Optymalizacja metody HiChIP w celu otrzymania wysokorozdzielczej mapy kontaktów chromatynowych stabilizowanych przez kohezynę w genomie ludzkim

Jednym z wyzwań współczesnej biologii jest poznanie przestrzennej organizacji genomu oraz zrozumienie jej wpływu na procesy zachodzące w komórce. Ostatnie badania pokazały, że chromosomy składają się z jednostek organizacyjnych nazywanych domenami (ang. chromatin contact domains, CCDs), powstających na skutek interakcji zachodzących pomiędzy odległymi od siebie w liniowej sekwencji regionami genomu. W komórkach ssaków, do głównych elementów zaangażowanych w ich tworzenie zaliczamy kohezynę, kompleks białkowy w kształcie pierścienia oraz zbudowane z 11 palców cynkowych białko CTCF. Kohezyna pełni istotną rolę w kluczowych procesach zachodzących w komórce takich jak transkrypcja, replikacja, naprawa DNA czy podział komórki. Jest również niezbędna podczas formowania pętli chromatynowych w procesie ekstruzji (ang. loop extrusion). Kohezyna działając jak silnik zależny od ATP przesuwa się wzdłuż DNA, powodujący aktywne wypętlanie nici, do momentu napotkania bariery w postaci białka CTCF.

Metody analizy struktury chromatyny typu 3C (ang. Chromosome Conformation Capture) umożliwiają badanie interakcji między poszczególnymi regionami DNA. Typowa procedura obejmuje: utrwalenie struktury chromatyny, trawienie enzymem restrykcyjnym, naprawę końców, ligację fragmentów znajdujących się blisko siebie oraz sonikację. W końcowym etapie przygotowane biblioteki genomowe są sekwencjonowane z wykorzystaniem metod NGS. Modyfikacje eksperymentów 3C, takie jak HiChIP lub ChIA-PET, wykorzystują etap immunoprecypitacji chromatyny (ChIP), pozwalający na wykrywanie oddziaływań stabilizowanych przez konkretne białko. W praktyce, techniki analizy struktury chromatyny 3C wciąż stanowią duże wyzwanie eksperymentalne i wymagają pracochłonnej optymalizacji warunków eksperymentu w celu poprawy jakości, specyficzności i rozdzielczości uzyskanych wyników.

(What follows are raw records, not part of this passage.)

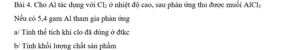 $\text{ PTHH : 2Al + 3$Cl_{2}$ $\xrightarrow{t^o}$ $2AlCl_{3}$ }$
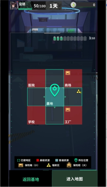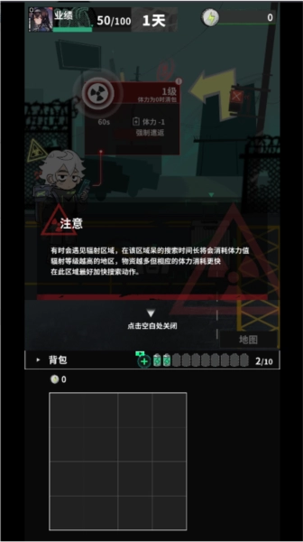 有时会遇到辐射区域,在这类区域停留搜索的时间越长,体力值消耗就越大;辐射等级越高的地方,物资往往越丰富,但体力消耗的速度也会相应更快。所以在这种区域,最好加快搜索节奏。
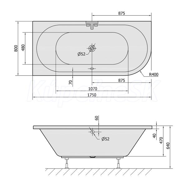 >>  Vane + príslušenstvo  >>  Akrylátové-Rohové asymetrické vane  >>  Polysan VIVA L asymetrická vaňa 175x80x47cm, čierna matná

Głównym celem mojego projektu jest stworzenie wysokiej jakości mapy kontaktów mediowanych przez kohezynę dla ludzkiej limfoblastoidalnej linii komórkowej. Umożliwi to lepsze zrozumienie wpływu przestrzennej struktury genomu na procesy zachodzące w komórce. Pilotażowy eksperyment HiChIP dla limfoblastoidalnej linii komórkowej GM19238 pokazuje, że chociaż jakość otrzymanych przeze mnie wyników jest zbliżona do wcześniej opublikowanych danych dla innej linii komórkowej tego samego typu (Mumbach et al., 2016), to pozostaje jednak, w mojej opinii, niezadowalająca. Stosunek sygnał/szum jest zdecydowanie gorszy niż w przeprowadzonym przeze mnie eksperymencie CTCF-HiChIP. W rezultacie moje wyniki pozwoliły to na identyfikację w całym genomie jedynie 526 istotnie statystycznych pętli chromatynowych, około 25 razy mniej mniej niż w eksperymencie typu CTCF HiChIP. Wstępne wyniki wskazują więc na konieczność dalszej optymalizacji eksperymentu HiChIP dla kohezyny.

W projekcie w pierwszej kolejności skupię się na kluczowym w mojej opinii etapie immunoprecypitacji chromatyny. Wcześniejsze eksperymenty z użyciem techniki ChIP-qPCR pokazały, że dla kohezyny etap ten jest dużo mniej wydajny niż dla białka CTCF. Planuję weryfikację specyficzności komercyjnie dostępnych przeciwciał skierowanych przeciwko różnym podjednostkom pierścienia kohezynowego przy pomocy metody Western Blot, immunoprecypitacji (IP) i ChIP-qPCR. Przeprowadzona zostanie również optymalizacja protokołu ChIP, w celu wybrania warunków zapewniających najwyższą specyficzność reakcji. Ostatnim etapem będzie analiza kohezynowego MINIHiChIP dla ludzkiej limfoblastoidalnej linii komórkowej pochodzącej od rodziny portorykańskiej (ojciec – HG00731) z Projektu 1000 Genomów.